Although Mérida is quite warm year-round, they have been able to hold their electric bill to about 500 pesos a month, mainly by using the air-conditioner at night for just a few months during the year. She told us that they live well on US$1,500 a month expenses in one of the best places to live in Mexico.
Since arriving in Mérida last December, the couple traveled to Cuba and Belize before the pandemic struck the world last March, effectively shutting down international travel and severally limiting local activities.
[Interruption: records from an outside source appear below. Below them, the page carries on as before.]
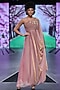 Featuring a pink maxi dress in lame knit fabric with drape. It has beads, pipes, and sequins floral embroidery.
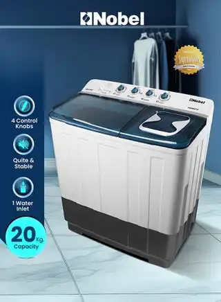 noon.comNobel 20kg Wash / 10kg Spin Capacity Twin-Tub Semi-Automatic Washing Machine | With Knob Control, Timer, Hinged Spin Lid & 480W Wash Power – NWM2010 Light Grey 20 kg 480 W NWM2010 Light Grey with Blue Lid
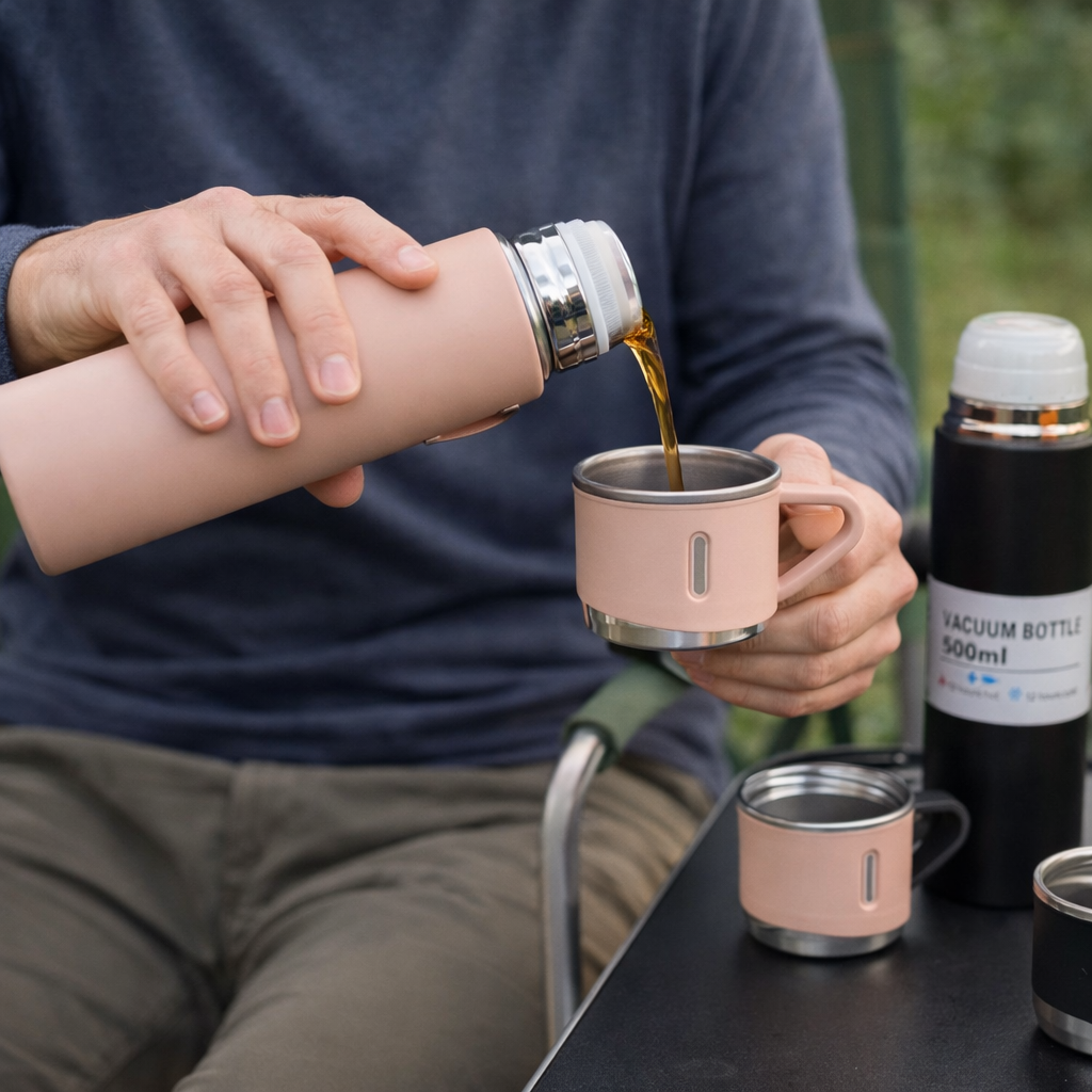El termo de acero inoxidable de 500ml está diseñado para preservar la temperatura de tus bebidas calientes durante horas. Fabricado con materiales de alta calidad, ofrece durabilidad y óptimo rendimiento.
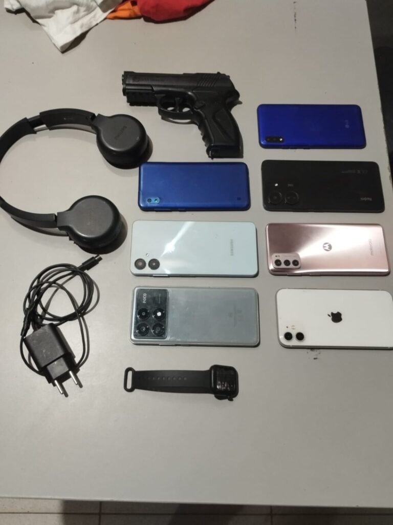 Durante a ação, foram recuperados 07 aparelhos celulares roubados e apreendido um simulacro de arma de fogo.
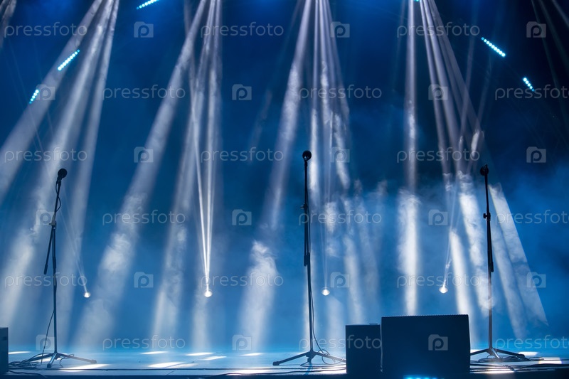 Размытые лучи света от светофоров сцены на синем фоне с микрофонами.Начало концерта или шоу
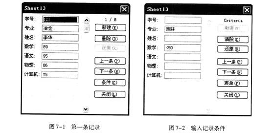 步骤1单击【数据】菜单→【记录单】命令,如图7-1所示。
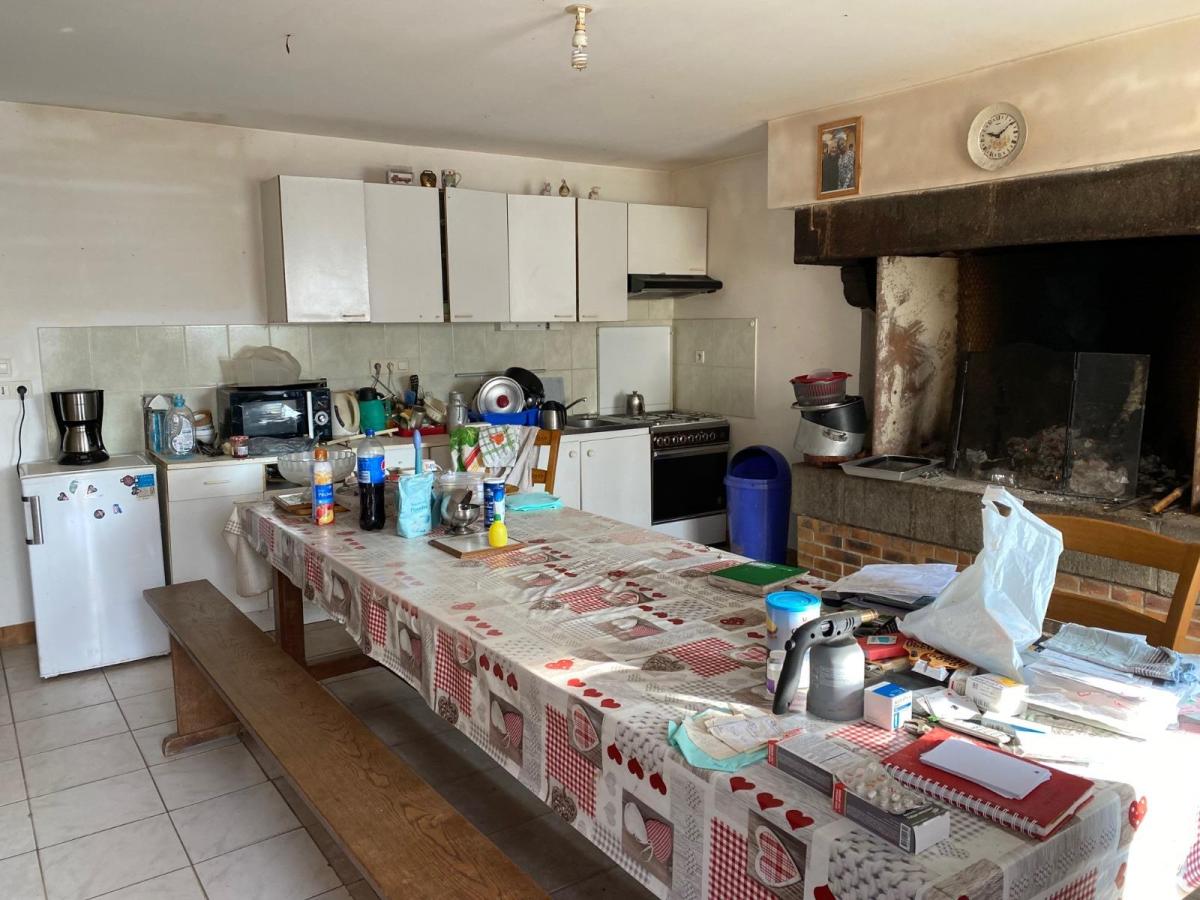 Dans hameau, Maison en pierres mitoyenne d'un côté, comprenant : - Rez-de-chaussée : entrée sur cuisine avec cheminée, séjour salon avec cheminée, une chambre, dégagement, cellier/buanderie, salle d'eau, WC ; - Etage : palier desservant deux grandes chambres. Grenier. Terrasse et cour sur laquelle dépendance à usage de garage et atelier. Parcelle à délimiter par géomètre. Possibilité d'acquérir une ancienne stabulation d'environ 1800 m² avec 4 voir 5 hectares de terres libres. Les informations sur les risques auxquels ce bien est exposé sont disponibles sur le site Géorisques : www. georisques. gouv. fr
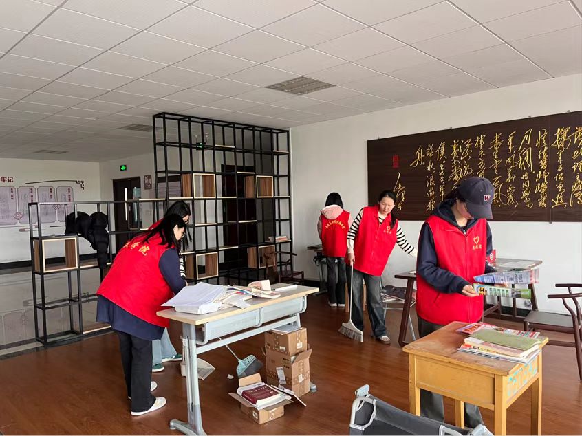 活动前,团支书明确分工,将团员分为清扫组和整理组,确保工作高效有序。活动中,团员们带着扫帚、抹布、垃圾铲等工具,认真清理大厅地面的垃圾碎屑,细致擦拭桌椅、书架和门窗玻璃,对角落卫生死角进行重点清扫。整理组则将散落的考研资料、水杯、文具等物品分类归置,将歪斜的座椅摆放整齐,为备考学子打造井然有序的学习空间。

They did, however, travel to Cancún several months ago, visit a few nearby historical sites and local cenotes, which are natural pits or sinkholes created by the collapse of limestone bedrock that exposes groundwater.
“We would like to be more involved with local expat-sponsored activities like we were in Puerto Vallarta,” she said, “but everything is pretty much shut down here. We do get out to drive around the city and see a few things, but it’s difficult. Mérida, though, has a very active Facebook group that is worth joining for the information and community provided.”
Language is not a barrier at all for Wijesinhe. She began studying Spanish while living in Sydney, Australia because she liked the language and was interested in learning.
“When I came, though, I was very basic,” she said. “Now that I have lived in Mexico for nearly two years, though, I consider myself between intermediate and advanced. Although my partner’s first language is Spanish, we tend to speak only in English, so my Spanish skills aren’t being used as much, especially since the arrival of the pandemic.”
With one year of living in Mérida under their belts, the couple now feels at home. The local Maya culture and many activities and events are tops on their list of things they love about living in the city, but the wide variety of nearby historical sites, cenotes and the pristine beaches of the Yucatán Peninsula are also big favorites. Pressed to choose the one thing that makes her most happy about living in Mexico, Wijesinhe clearly chooses lifestyle.
“It’s just really chilled out,” she said. “There’s no stress. I’ve spent time in London, New York and Sydney and it’s completely different. Nobody’s running, nobody’s trying to catch the next whatever.”
The couple’s initial plan was to stay in Mérida for a year and then figure out where they wanted to go next, but they found that they liked their new home so much, they changed their plans.
“I liked it so much that I renewed my temporary residency for three more years,” she said. “So, I think I’m going to stay here as long as it works out.”